The other thing they cry about is Obamacare. This speaks to Congress’s power to address difficult national problems, like the tens of millions of Americans who lack health insurance but whose eventual use of medical services would inevitably shift billions of dollars in costs onto Americans who must pay higher insurance rates as a result, what courts have described as “substantial effects.”

Paul claims: It certainly is an encroachment on individual liberty, but it is no more so than a command that restaurants or hotels are obliged to serve all customers regardless of race, that gravely ill individuals cannot use a substance their doctors described as the only effective palliative for excruciating pain, or that a farmer cannot grow enough wheat to support his own family. They also pray for fewer regulations to the benefit of the rich.
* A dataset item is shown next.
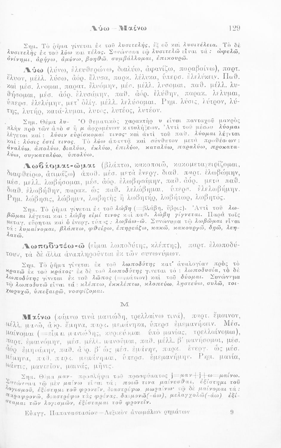 Λεξικόν ανωμάλων ρημάτων της αρχαίας ελληνικής γλώσσης, μετά ποικίλων και πλουσίων γραμματικών, ερμηνευτικών και ετυμολογικών σημειώσεων, προς χρήσιν των μαθητών των Ημιγυμνασίων, Εξαταξίων Γυμνασίων, Αστικών σχολείων, Πρακτικών Λυκείων και Παρθεναγωγείων

There are some conservative legal scholars examining the Constitution and precedents who could not find a convincing argument to overturn “Obamacare” and that is because the Founders intentionally empowered Congress to address national economic problems. It was, as the Virginian delegation understood, one of the key reasons for the Constitutional Convention.

Now I say the larger goal of the right-wing is not to uphold the ideals of the Founders, who wanted a vibrant central government, but to reverse government policies dating back to President Franklin Roosevelt’s New Deal. The plan is to return the United States to a pre-Depression “gilded age” of a society divided into a few haves and many have-nots.

And that is my THOUGHT PRROVOKING PESPECTIVE!